Records provided:
-.-.-
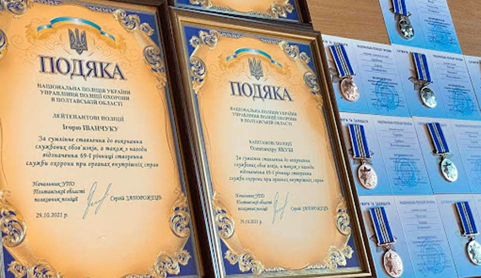 З нагоди 69-ї річниці створення Служби охорони, співробітники Управління поліції охорони в Полтавській області отримали подяки та відомчі заохочувальні відзнаки Національної поліції України - «10, 15 та 20...
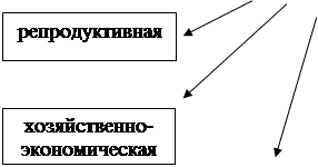 1. Репродуктивная функция – ее считают главной общественной функцией, в основе которой лежит инстинктивное стремление человека к продолжению своего рода, воспроизводство в детях численности родителей. Но роль семьи не сводится к роли «биологической» фабрики. Выполняя эту функцию, семья принимает участие в количественном и качественном воспроизводстве населения, т.е. является ответственной за физическое, психическое и интеллектуальное развитие ребенка, она выступает своеобразным регулятором рождаемости. В настоящее время, по причине преобладания городского образа жизни, увеличения занятости женщин, тяжелейшего экономического положения, рождаемость падает. Конечно, стоит отметить и связь общего количества разводов и абортов. Таким образом, может оказаться, что на двух пенсионеров будет приходиться один работник. С этой точки зрения государство заинтересовано в увеличении многодетных семей, создании для них определенных льгот. Но, смотря на это иначе, в частности с позиций тенденции увеличения рождения в многодетных семьях детей с патологиями, а также перенаселения из-за ограниченности ресурсов, увеличения неработающего населения и других факторов, можно предположить, что на данном этапе увеличение рождаемости и многодетных семей не есть позитивная сторона.
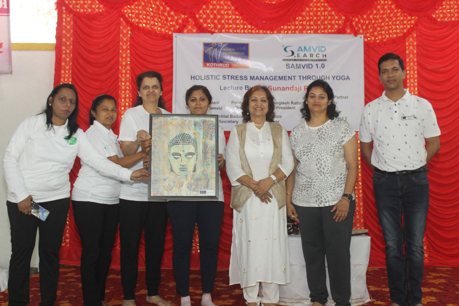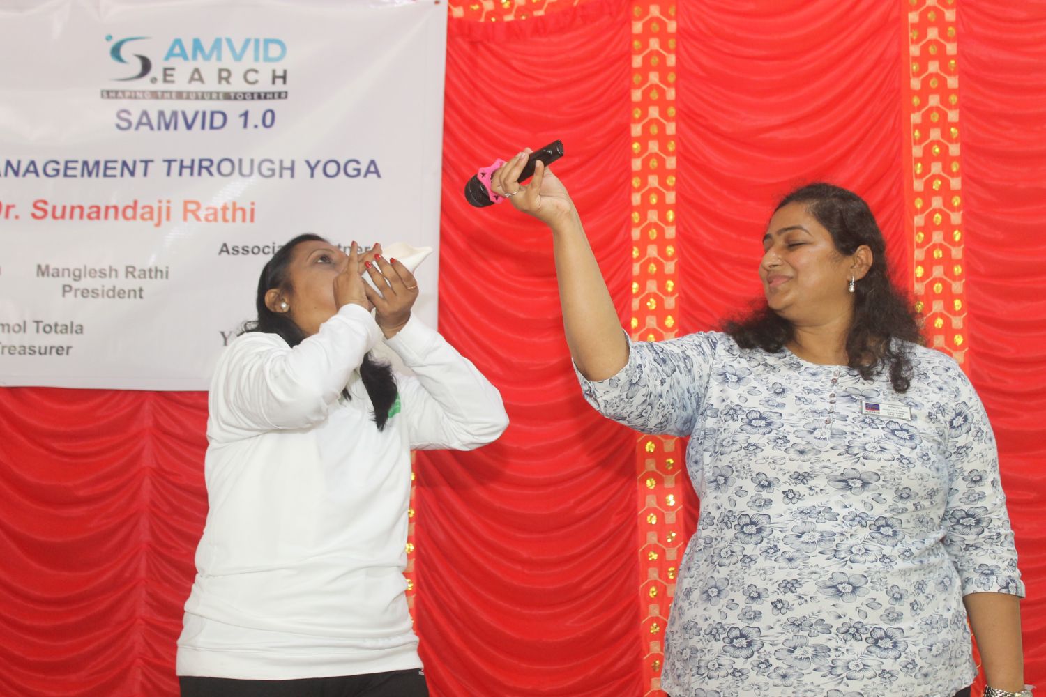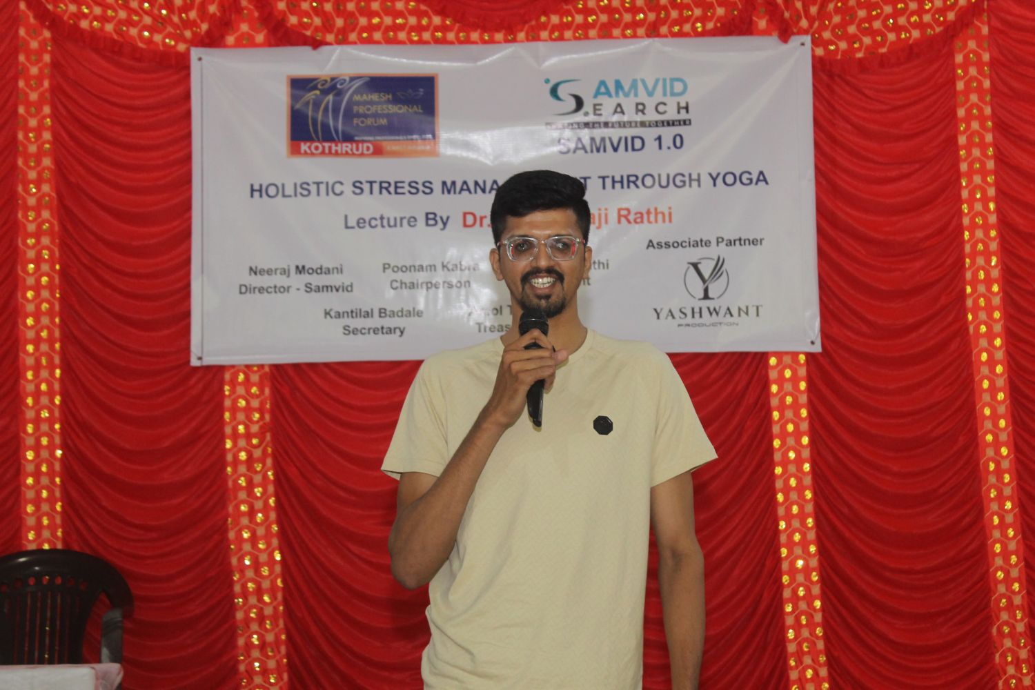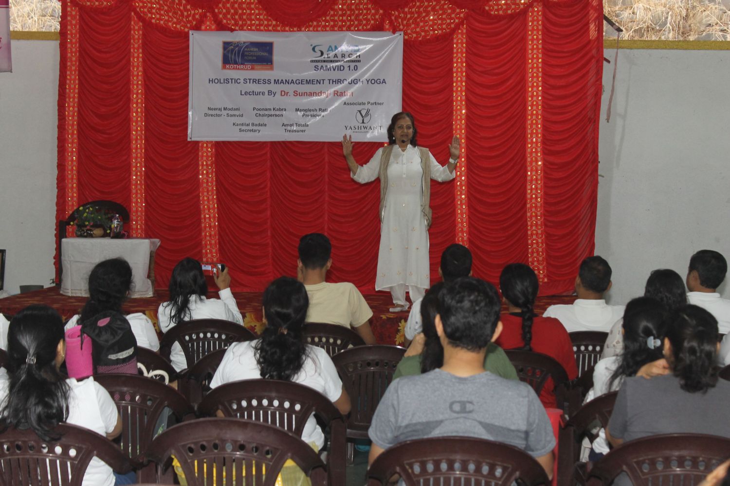 Samvid 1.0 was organized at Ramdevbaba Temple, MIT College, Kothrud. Dr. Sunandaji Rathi, who herself is a yoga researcher, and a visionary in the field of wellness and education, demonstrated her knowledge and experience and guided the participants on managing the stress through yoga.
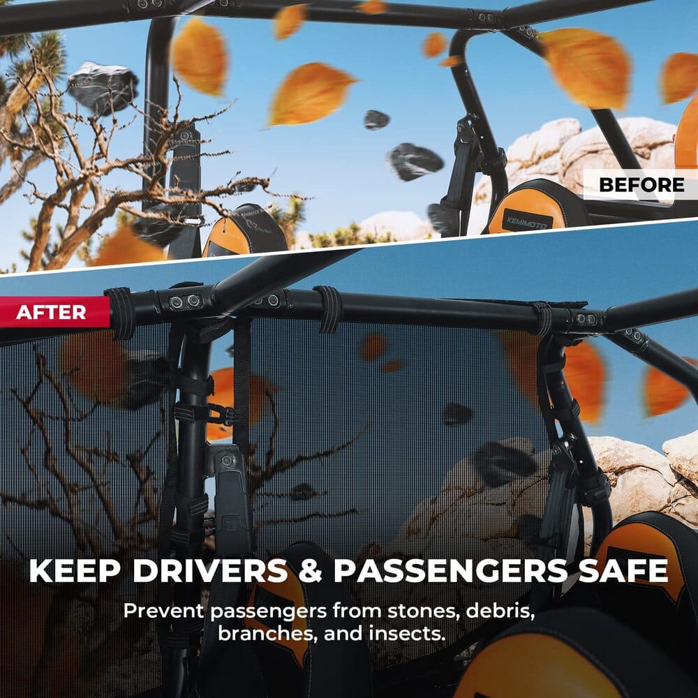 This UTV window mesh can prevent gravel and branches from entering the UTV
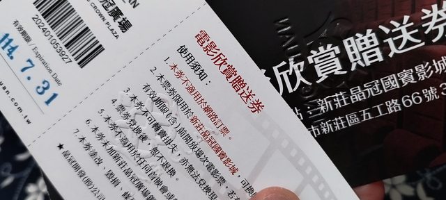標題[售票] 新莊晶冠電影票2張(~2025.7.31)
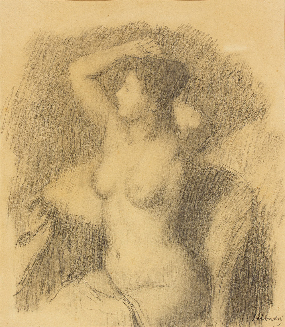 ALDO SALVADORI Milano 1905 – Bergamo 2002 Donna che si pettina Carboncino...
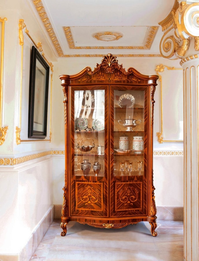 Eingelegte und geschnitzte Holzvitrine. Ausgestattet mit 2 Türen mit Paneelen.
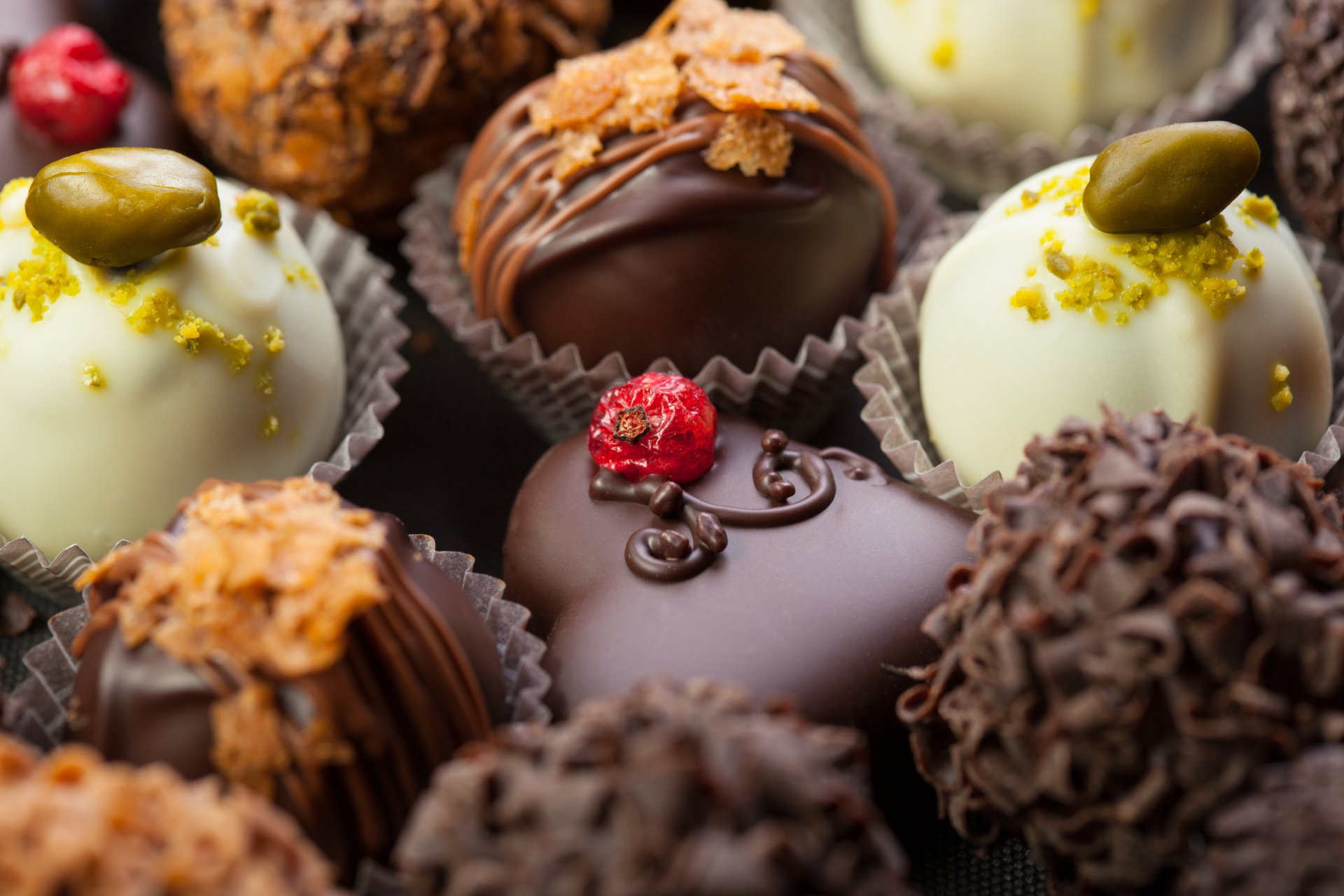 Cukierki z ciemnej czekolady ozdobione jagodami i pistacjamiCukierki z ciemnej czekolady ozdobione jagodami i pistacjami
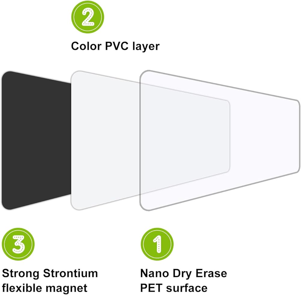 Reusable magnetic labels The surface is made of PET dry erase film, dry erase magnetic labels writing smoothly and easy to erase.
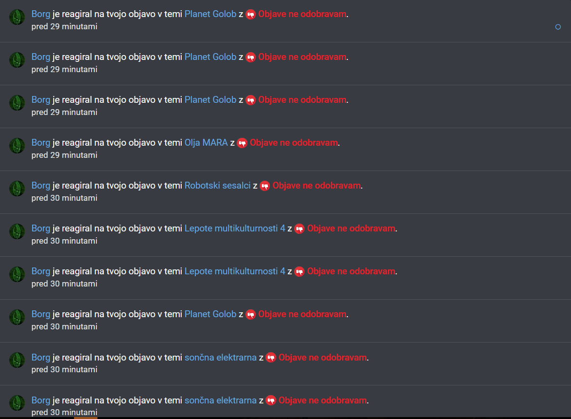 Meni je, odkar sem tebi dal smeškota na tole tvojo objavo, nastrelal točno 15 tardečihOd včeraj do danes mi je nastrelal še kakih 100 novih. Pa kje najde vse te objave?![]()
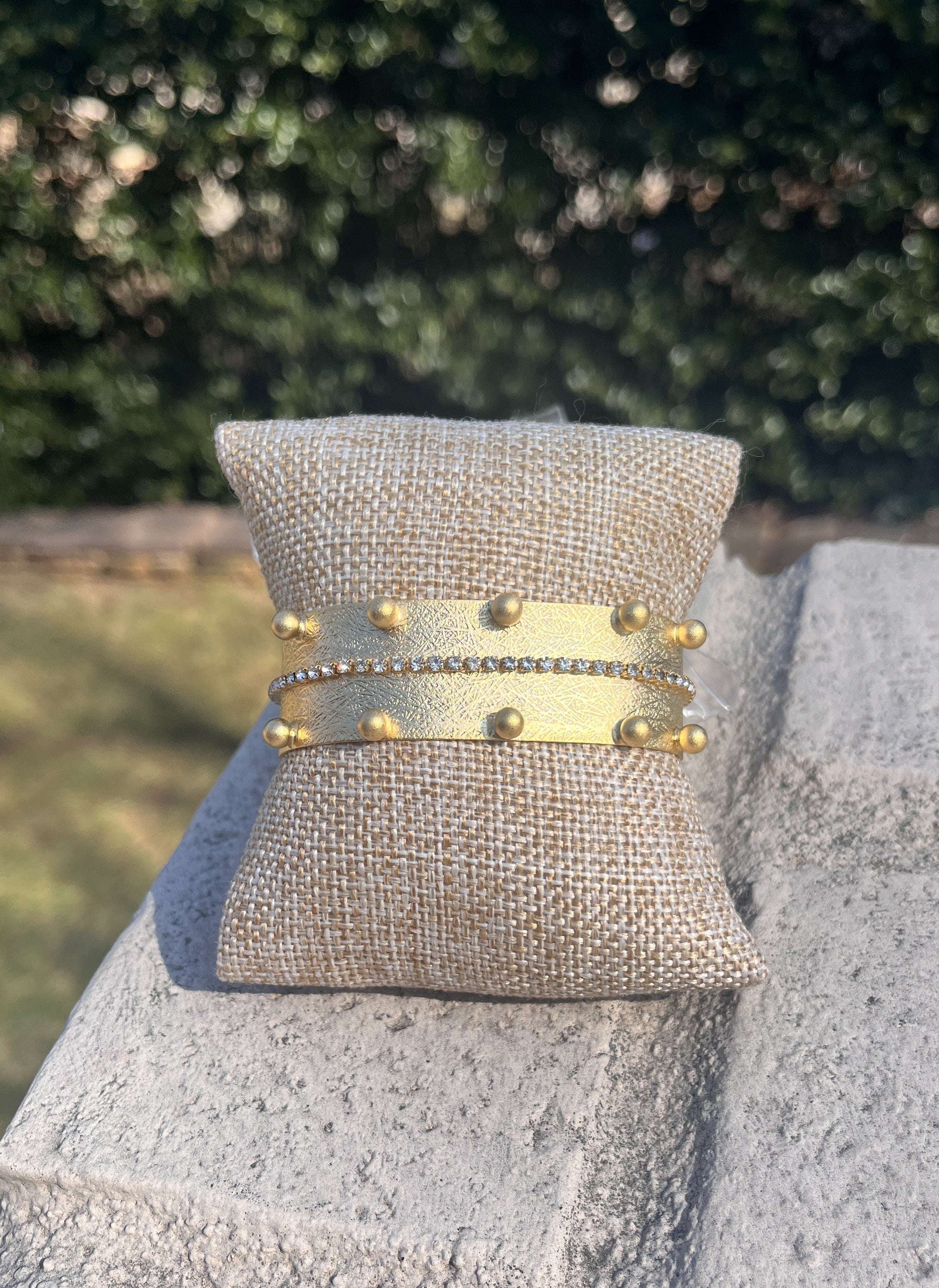 Elevate your accessory game with the Farrah Diamond Studded Gold Cuff Bracelet, a bold statement piece designed to add instant sophistication to any look. This textured gold-tone cuff features raised stud accents and a sparkling row of crystal details for the perfect blend of edge and elegance. Its structured, slip-on design makes it easy to style solo or stack with your favorite bracelets for a layered, on-trend finish. Perfect for dressing up everyday outfits or adding polish to a night-out ensemble.
-.-.-
With the images omitted, retype the records above exactly.

 З нагоди 69-ї річниці створення Служби охорони, співробітники Управління поліції охорони в Полтавській області отримали подяки та відомчі заохочувальні відзнаки Національної поліції України - «10, 15 та 20...
 1. Репродуктивная функция – ее считают главной общественной функцией, в основе которой лежит инстинктивное стремление человека к продолжению своего рода, воспроизводство в детях численности родителей. Но роль семьи не сводится к роли «биологической» фабрики. Выполняя эту функцию, семья принимает участие в количественном и качественном воспроизводстве населения, т.е. является ответственной за физическое, психическое и интеллектуальное развитие ребенка, она выступает своеобразным регулятором рождаемости. В настоящее время, по причине преобладания городского образа жизни, увеличения занятости женщин, тяжелейшего экономического положения, рождаемость падает. Конечно, стоит отметить и связь общего количества разводов и абортов. Таким образом, может оказаться, что на двух пенсионеров будет приходиться один работник. С этой точки зрения государство заинтересовано в увеличении многодетных семей, создании для них определенных льгот. Но, смотря на это иначе, в частности с позиций тенденции увеличения рождения в многодетных семьях детей с патологиями, а также перенаселения из-за ограниченности ресурсов, увеличения неработающего населения и других факторов, можно предположить, что на данном этапе увеличение рождаемости и многодетных семей не есть позитивная сторона.
 Samvid 1.0 was organized at Ramdevbaba Temple, MIT College, Kothrud. Dr. Sunandaji Rathi, who herself is a yoga researcher, and a visionary in the field of wellness and education, demonstrated her knowledge and experience and guided the participants on managing the stress through yoga.
 This UTV window mesh can prevent gravel and branches from entering the UTV
標題[售票] 新莊晶冠電影票2張(~2025.7.31)
 ALDO SALVADORI Milano 1905 – Bergamo 2002 Donna che si pettina Carboncino...
 Eingelegte und geschnitzte Holzvitrine. Ausgestattet mit 2 Türen mit Paneelen.
 Cukierki z ciemnej czekolady ozdobione jagodami i pistacjamiCukierki z ciemnej czekolady ozdobione jagodami i pistacjami
 Reusable magnetic labels The surface is made of PET dry erase film, dry erase magnetic labels writing smoothly and easy to erase.
 Meni je, odkar sem tebi dal smeškota na tole tvojo objavo, nastrelal točno 15 tardečihOd včeraj do danes mi je nastrelal še kakih 100 novih. Pa kje najde vse te objave?![]()
 Elevate your accessory game with the Farrah Diamond Studded Gold Cuff Bracelet, a bold statement piece designed to add instant sophistication to any look. This textured gold-tone cuff features raised stud accents and a sparkling row of crystal details for the perfect blend of edge and elegance. Its structured, slip-on design makes it easy to style solo or stack with your favorite bracelets for a layered, on-trend finish. Perfect for dressing up everyday outfits or adding polish to a night-out ensemble.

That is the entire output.